This exhibition brings together eight young photographers who document the milieu of peers, family, peripheral cultures, urban/suburban/rural haunts and their own immediate environments.
Roe Ethridge's photographs exploit seemingly undefined territories between far-reaching subjects to suggest a correlation between artistic practices and the editorial, packaging and marketing process of mass media and consumerism. His sharp, studied images create a hard-edged and seductive realism that trace fascinating but circuitous parallels between nature, commerce and fashion.
Ryan McGinley uses the camera like a diary, recording his life in and around New York City. He often photographs a provocative and rowdy crowd of friends, including young gay boys, graffiti artists, skateboarders, DJ's and partiers. His books and hand made zines allow his images to form a dialogue that is somehow equally intense and tender. Like more and more artists working with photography today, McGinley is also comfortable in an editorial capacity and serves as the photo editor of Vice Magazine and as a contributing photographer to Index magazine.
Luis Gispert borrows compositions and symbolism from diverse sources such as art history, hip-hop culture and pulp science fiction to portray mystical scenarios that critique complex cultural issues of race, religion, aesthetics and taste. The characters in Gispert's photos float, fly or hang out in an inside-out/upside-down world that suggests a combination dream state and hip-hop purgatory.
Christina Hejtmanek's works strive to describe a sense of "place" in both a documentary and psychological sense. Her photos are tenuous records of road trips, landscapes and remote destinations. Capturing the moments left behind when passing through a place her painterly, blurred images seem to suggest that one's reality is often fleeting, like a thought or important memory that never quite crystallizes.
Kelly Lamb uses the camera to infiltrate and document various subcultures, from Playboy Bunnies to Yoga retreats.
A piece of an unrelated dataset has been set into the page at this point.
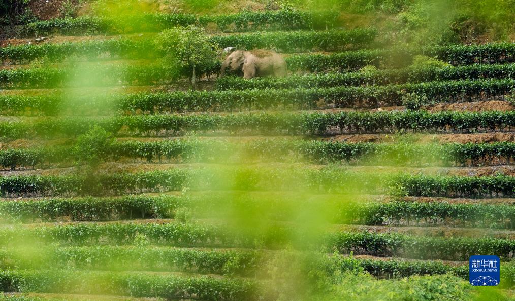 7月20日,在云南省江城县,一头亚洲象在取食芒果。
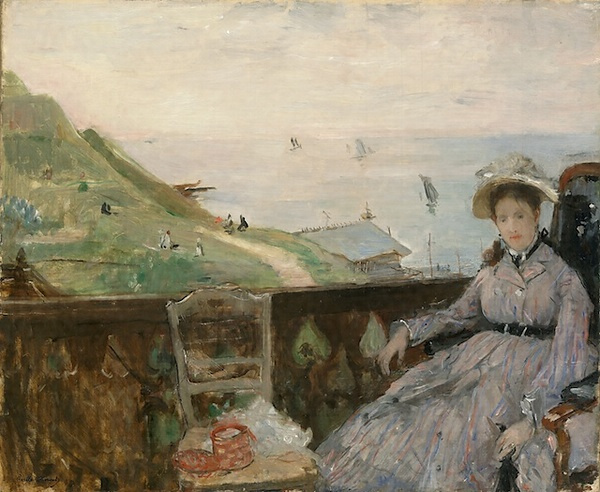 第1回印象派展が開かれた記念的な年である1874年に描かれ、77年に行われた第3回印象派展にモリゾが出品した12点のうちのひとつ。印象派を擁護する批評家の目を奪い、賞賛を受けた。背景は夏の避暑地フェカン。モデルは父方の親戚のリュシアン・ブルジエ夫人。モダンな感性による大胆な画面構成が光る。

Often engaging loaded issues like sexuality, feminism and spirituality, Lamb ‘s work avoids didactics by using both humor and sublimity to expose and compare the cultural gulfs that exists between Eastern and Western societies and those within our own personal borders.
Pete Riesett photographs the territory of "home" both inside and out. Fascinated with the fortuitous combinations and detritus of our daily lives, his work also looks at the order and disorder people create in various corners of their living environments. While celebrating the formal and compositional possibilities these combinations create, Riesett casts an objective eye on the material objects that we as consumers accumulate and surround ourselves with.
A.L. Steiner strives to "capture certain moments that we see and yet miss all the time". Her intimate photos of lovers and friends prove the complexity of relationships is universal and that emotional intimacy is both elusive and sustaining. Her photos are often grouped according to categories like "color", "food", "sleep" , "love" etc…creating grids of images that form complex dialogues from simple themes.
Dean Sameshima's work explores how photography can reveal it's nature by appropriating and flattening various photographic vocabularies found in advertising, fashion, teenage fan magazines and personal photo albums. By photographing objects of yearning or desire in various contexts, in this case young men at Los Angeles Dance Clubs, Sameshima creates a leveling effect where desire and brief moments of arousal are both captured and ameliorated.